- President: Raffaele Costa
- Founded: 27 May 1993
- Dissolved: 30 November 1998
- Split from: Italian Liberal Party
- Merged into: Forza Italia
- Headquarters: Rome
- Ideology: Liberalism Conservative liberalism Liberism
- Political position: Centre-right
- National affiliation: Pole of Freedoms/Pole of Good Government (1994–96) Pole for Freedoms (1996–98)
- European Parliament group: Forza Europa (1994–95)

= Union of the Centre (1993) =

Italian political party

The Union of the Centre (Unione di Centro, UdC) was a minor liberal political party in Italy. The party was a successor of the Italian Liberal Party.

==History==
The party was founded on 27 May 1993 as a "Giscardian rassemblement" by Raffaele Costa, leader of the Italian Liberal Party (PLI). The UdC included Liberals (Alfredo Biondi, Stefano De Luca, Giacomo Paire, Valentino Martelli, etc.), members of the Italian Republican Party (Guglielmo Castagnetti, Vincenzo Garaffa, Gaetano Gorgoni, etc.), members of the Italian Democratic Socialist Party (as Maurizio Pagani) and even Christian Democrats (as Eugenio Tarabini).

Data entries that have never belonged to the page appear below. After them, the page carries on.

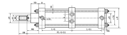 QGBⅡ-C系列為三位氣缸前后兩活塞桿單獨分開。當前缸行程(S)大于后缸行程(S1)時,前端活塞桿頭有三個位置。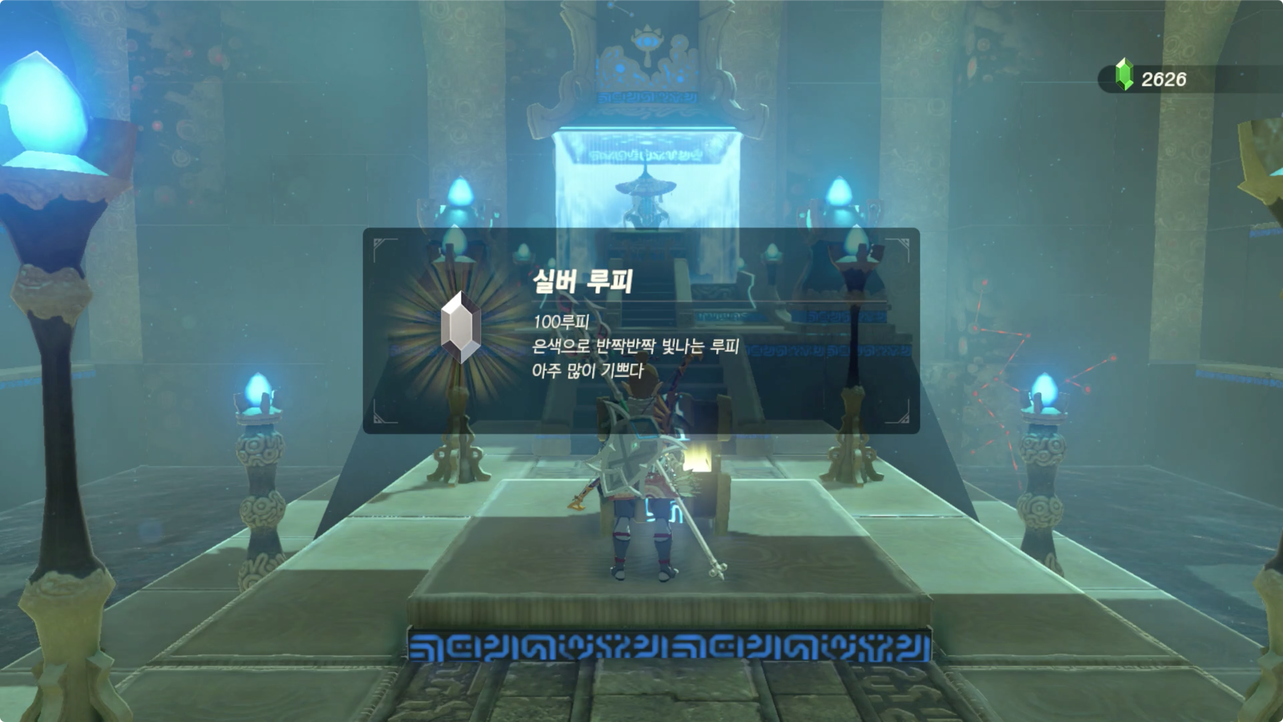 내부의 보물상자에서는 100 루피를 획득 가능하다.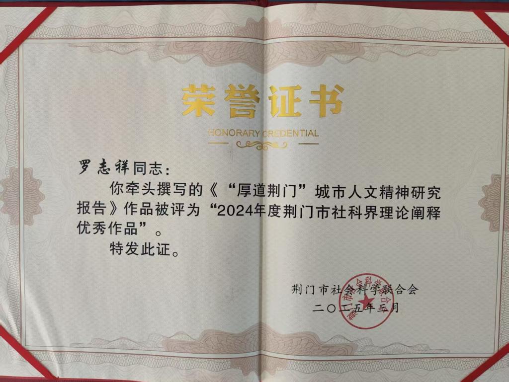 公司罗志祥博士撰写的“厚道荆门城市人文精神研究报告”获的荆门市委书记批示。该成果获得由荆门市社会科学联合会组织评比的“2024年度荆门市社科界理论阐释优秀作品”。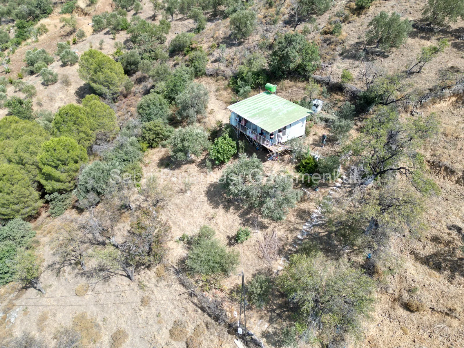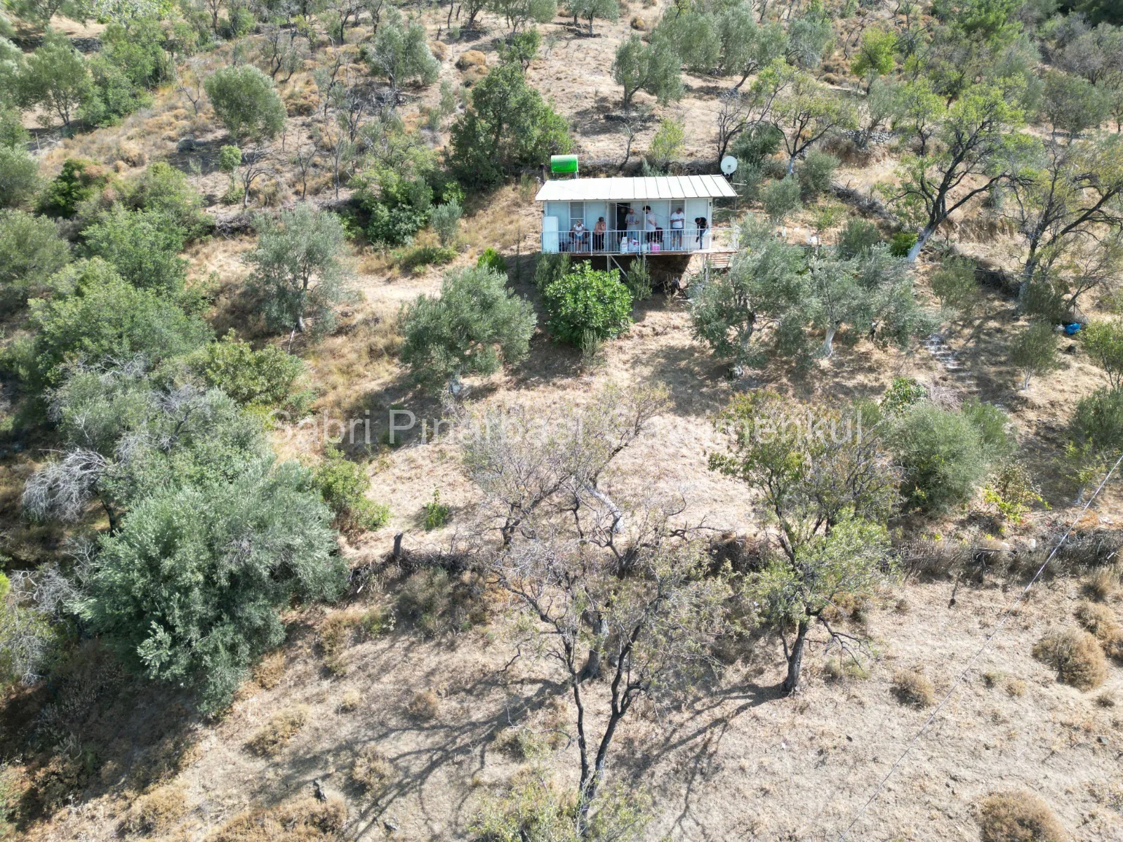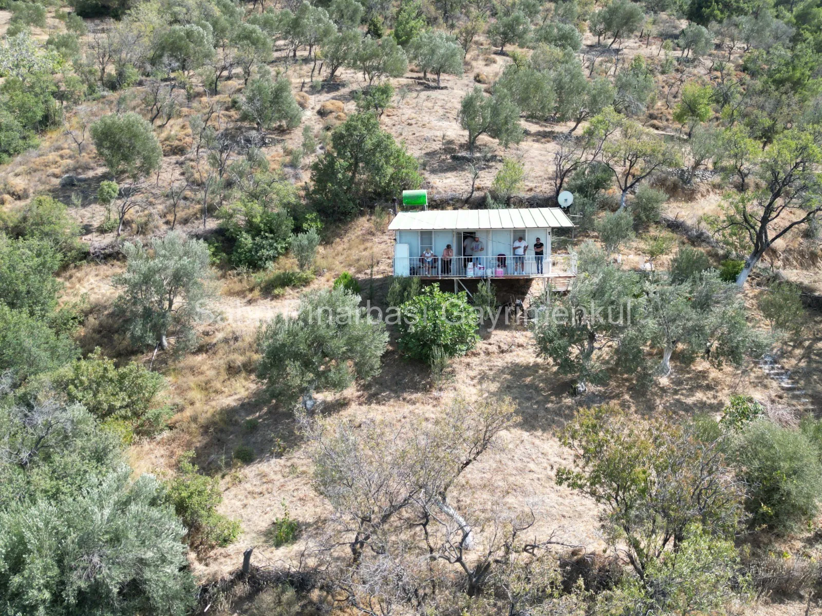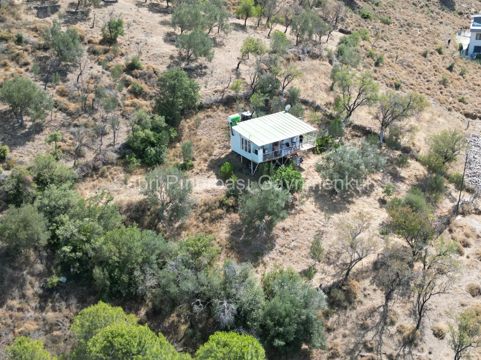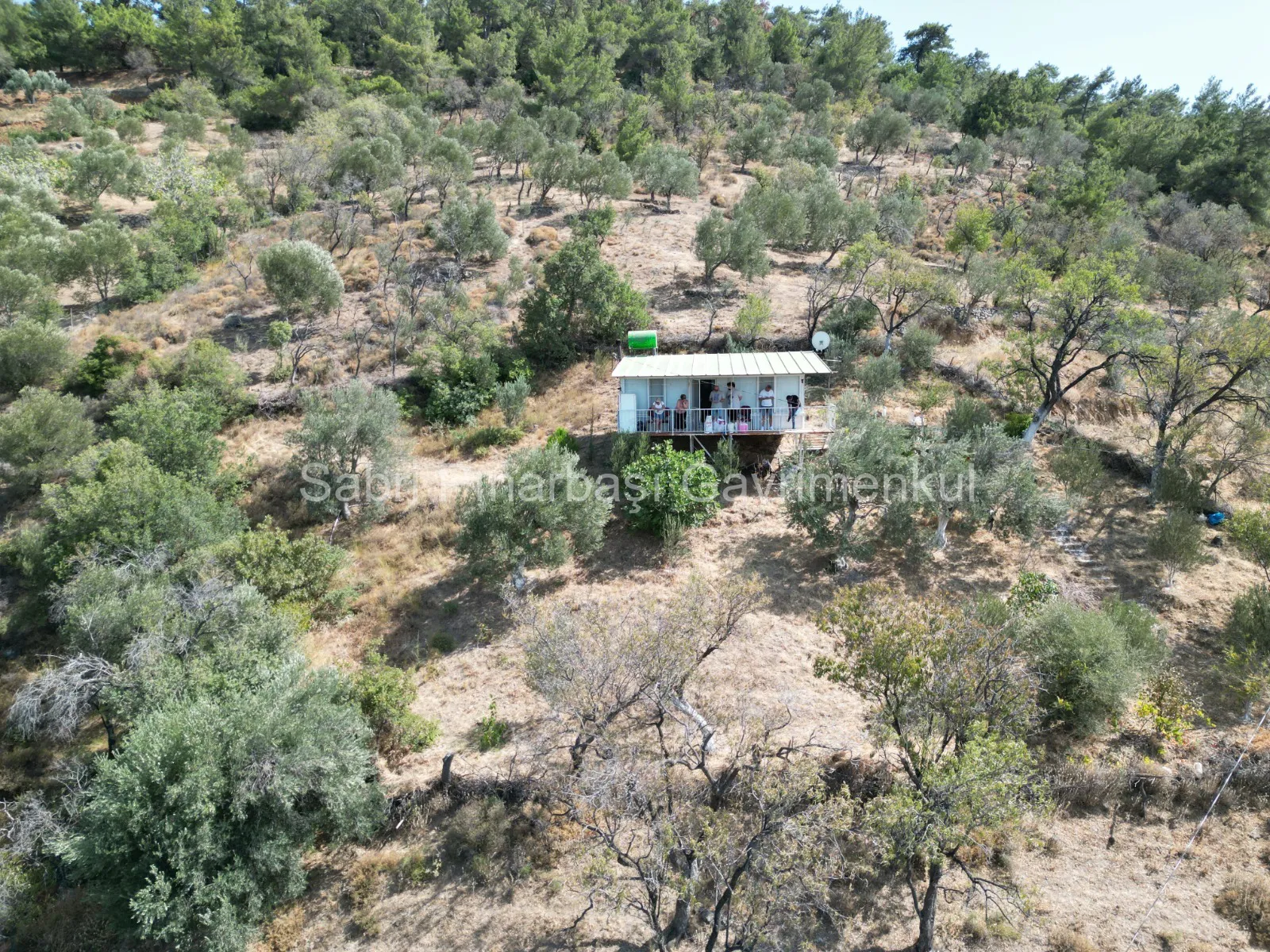 Bahçede 25 adet zeytin ağacı ile birlikte incir, nar, armut, badem gibi farklı meyve ağaçları yer almaktadır.

In February 1994 the PLI was dissolved into the Federation of Liberals (FdL), which elected Raffaello Morelli secretary and Biondi president. Costa refused to join the new party and led the UdC into the coalitions formed around Forza Italia (FI), the Pole of Freedoms in the North and the Pole of Good Government in the South.

At the 1994 general election the UdC elected some candidates with FI: Biondi (who was still president of the FdL, which sided with the Segni Pact), Costa, Biondi, Enrico Nan and Enzo Savarese to the Chamber of Deputies, Luciano Garatti and Carlo Scognamiglio to the Senate. The latter was elected President of the Senate, while Biondi was justice minister and Costa health minister in Silvio Berlusconi's first government (1994–1995). In the 1994 European Parliament election two members of the UdC, de Luca and Luigi Florio, were elected to the European Parliament. In the 1996 general election the UdC had three deputies (Biondi, Costa, Nan and Savarese) and two senators (Scognamiglio and Jas Gawronski) elected.

In 1998 the UdC was merged into FI. The activity of the UdC continued through the Liberal Union of the Centre, a political association, and Popular Liberalism, a faction within FI. Both Biondi and Costa later left FI/PdL.